Science and Truth

What is the difference between a theory, a hypothesis and a law? A fact and an observation? At what point do facts become the truth? Is “practicing science” the same as interpreting observations? And if so, does it follow that there are alternative interpretations that are equally valid?

The questions may seem very appropriate to the current political climate. Many feel that science is under assault. People have moved en masse to stand up, march, protest and shout out for science. As a citizen, I stand with them. There are issues that require immediate political action — action on climate change, protection of vulnerable habitats and loss of biodiversity — and doubting the science behind these is dangerous. It is dangerous for our wellbeing and the health and wellbeing of our children. However, it is important to acknowledge that the questions above are not new. They are relevant, important and have been asked by humans for generations before us. In fact, there is an entire branch of philosophy dedicated to addressing these. It is called epistemology.

Being clear on these questions is part of practicing science, and whilst there are no undisputed definitions*, below are some simple guidelines.

What is the difference between a fact an an observation?

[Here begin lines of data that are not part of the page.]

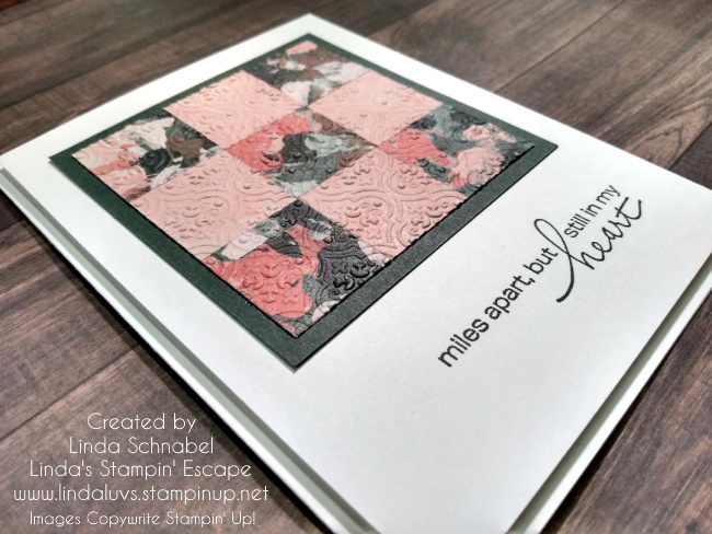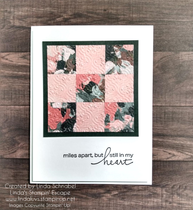 Once the adhesive was dry, I embossed it with the Quatrefoil Tile embossing folder. I like the added texture embossing brings to the pattern and to the card itself. This was adhered directly onto a piece of 3-1/4″ x 3-1/4″ piece of Evening Evergreen… this is my “edging” to my quilt.
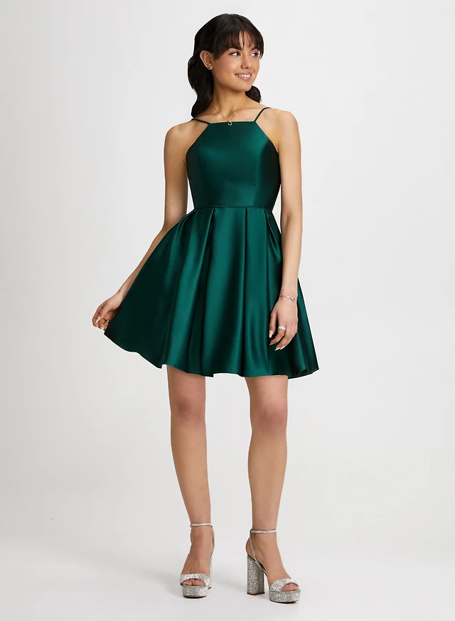 Sequinned Satin Dress & Crystal Necklace
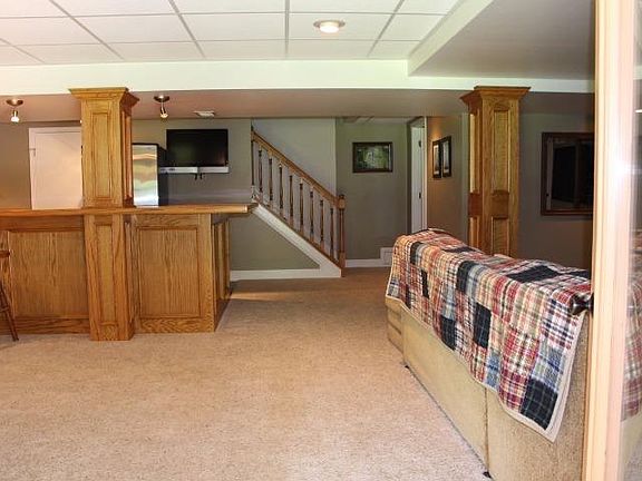 Ranch with open floor plan. 2650 sq. ft. 3 bedrooms, 3 full baths. Finished lower level, extra room, wet bar and walkout to patio. Kitchen with stainless steel appliances, custom oak cabinets. Hardwood floors in kitchen, dining and great room. 2 woodburning fireplaces oak mantel.
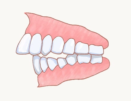 下顎前突とは、上の前歯より下の前歯が前に出てしまっていることをいいます。「受け口」と呼ばれることもあり、食事に影響を及ぼすこともあるため、矯正治療を行うことが望ましいといえます。
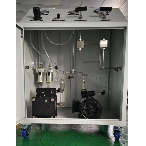 - 設備低壓采用電動泵輸出水壓;高壓以氣動液體增壓泵作為壓力源,驅動氣源壓力與輸出液體壓力成正比。通過對驅動氣源壓力的調整,可以對輸出壓力進行無級調節。當氣壓力與輸出力平衡時,氣動增壓泵自動停止動作,輸出壓力也穩定在設定的壓力上。如果有泄露導致系統壓力下降,氣動增壓泵自動啟動工作,進行壓力補償。通過控制氣源的進氣量,可以控制泵的動作頻率,從而控制系統的輸出流量。整套系統具有體積小、重量輕、操作簡單、安全可靠、適用范圍廣、輸出壓力可調等優點。
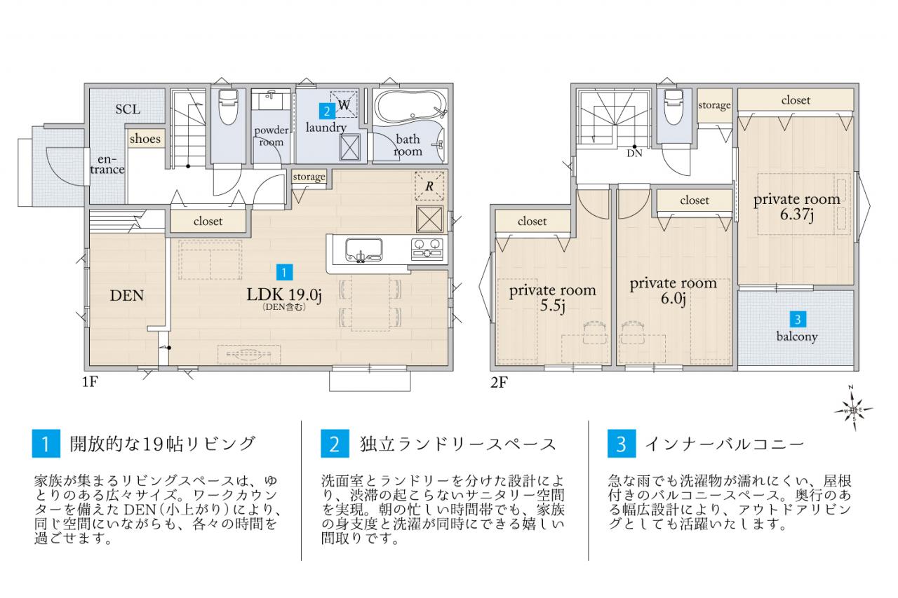 豊かに広がる19帖リビングには、マルチに活躍するDENスペースを造作。すべてのお部屋が南に面した、採光良好な間取りです
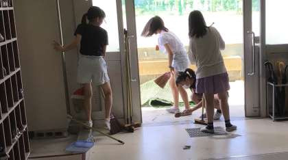 学校公開日の朝、6年生が昇降口や階段を掃除していました。来ていただくみなさんに気持ちよく見ていただきたいという思いからです。とてもさわやかな気持ちになりました。
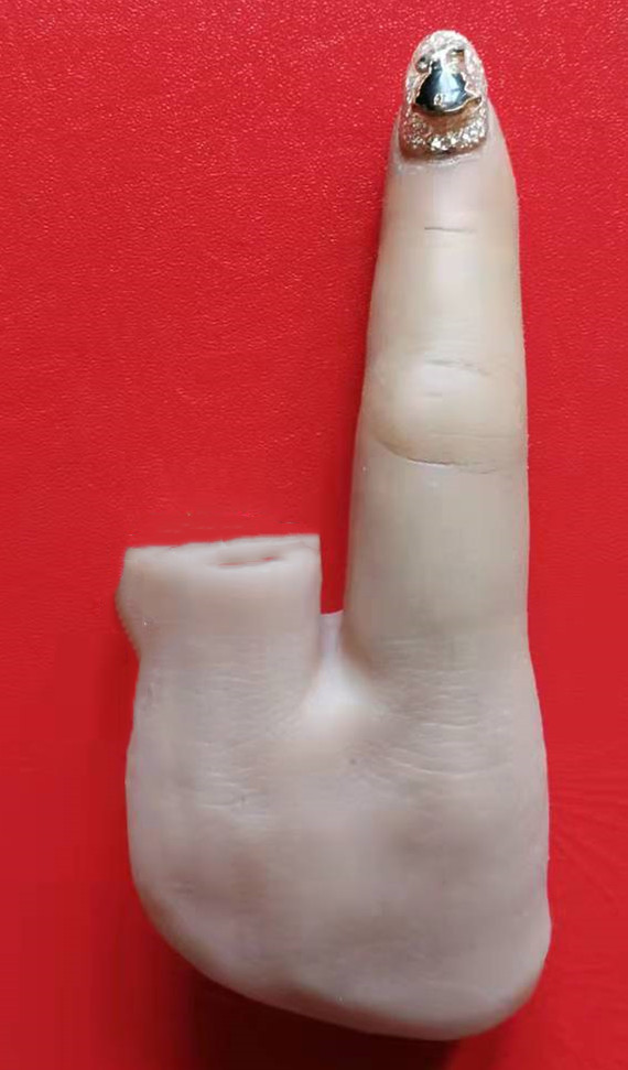 目前,對(duì)于手指截肢的患者來說,可供選擇的假肢種類非常少。大多數(shù)手指截肢的患者只能選擇美容手指,這種手指外面是硅膠手皮,里面填充的是發(fā)泡劑。這種美容手指可以被動(dòng)彎折,主要是起到美觀的作用,實(shí)用功能不強(qiáng)。

An observation is one data point. The best observations are not dependent on the observer. At first, that might seem contradictory. But think about it — there are many reasons why a human observer might be unreliable. Our senses are often deceived. This is one of the many reasons why instruments are so useful — the best are not biased, they are consistent and objective. Sir Isaac Newton did not “discover” gravity by observing a falling apple. He proposed the theory of universal gravitation by measuring the speed at which many different types of objects fell. He also measured the distance between stars etc etc. Observations are important. They are the beginning of a thought process, and the beginning of the scientific process. The best scientists are the keenest observers.

Facts are more concrete than observations. Repeat observations lead to facts. Facts get stronger and stronger with more repeat observations. If you only saw the moon once in your life, you couldn’t exclaim “the moon exists- fact!”. We can claim that the moon exists as a fact, because it has stood the test of repeat observations. We went as far as walking on it, just to make sure.

It is a fact that the climate of our planet is changing. “Climate change”, to use the jargon, is a factually accurate statement. (See my earlier blog on this, for a more detailed explanation).

What are facts used for?

Facts are only useful if they help us understand something about the world. They need a context. We use facts to help us answer questions. But let us be incredibly clear about one thing: there is no such thing as “alternative facts”. There are alternative questions. It is often incredibly difficult to match facts to the right question. Politicians are particularly bad at this. Some scientists are bad at this too, which is why an integral part of science is to ask whether the data collected matches the question asked.

What is the difference between a theory, a hypothesis and a law?

A hypothesis is what you start with, in order to eventually arrive at a theory. It is to theory, what an observation is to a fact. It proposes an explanation for the observations. Hypotheses are daring! They are flamboyant and live and die on the edge. They propose an explanation for observations and they can either stand up straight or fall completely flat on their face. Falsification is more robust than verification. When something is not true, it is most definitely so. But when something stands to reason, there is always a small chance that it might not end up being true, in the long term. In other words, it is harder to be right than to be wrong.

Hypotheses are the racehorses of science. They are the sprinters and long distance runners. They are the prize fighters, and they take a mighty battering. One hypothesis against another, over and over and over again. And out of the strongest hypotheses emerge unifying theories that propose to explain a set of facts. Theories are grander than hypotheses, but they are subject to the same rules of logic. If they are trying to prove something right, they are inevitably opening themselves to argument. But they are stronger than hypotheses, because they stand on the shoulders of the strongest of these. There are always alternative hypotheses and alternative theories. That is what they are for. They exist to battle it out.

The best ones always win, because they attract more facts to support them. Alternative interpretations are not all equally valid. There are winners and losers based on objective metrics. And once a theory is flat on its face, it stays there, on the floor.

Laws are theories that have made it past a certain point of doubt. They are, by definition, unfalcifiable. In science, if you can produce a counter example to a law, it is no longer a law. Biologists do not tend to believe in laws within their domain of science. That is because each biological system is so complex, and stochasticity (random chance) plays such a significant part in the problem. Biologists embrace an element of chaos. Physics is more proficient in the language of laws. That doesn’t mean that biologists have more reason to doubt their theories. It is simply that the language of laws doesn’t enable progress in our branch of science. It is not useful.

At what point do facts become the truth?

Scientists do not use the language of “truth”. Even physicists use the language of “laws”, instead of speaking about truth. Asking at what point do facts become the truth is like asking, when do apples become oranges? A fact is a fact is a fact is a fact. There are no alternative facts in science, and we do not use the word truth. Ever. Science is colder than “truth”, which is subjective and impassioned. Another way of thinking about truth is by considering its opposite. Lying. Lying is knowingly distorting the observations. Lying requires knowledge of the truth, and then its distortion. In that respect, “truth” is closer to observation than it is to facts. Truth is a low bar to science, we are much more content with gathering facts and sorting through our alternative hypotheses.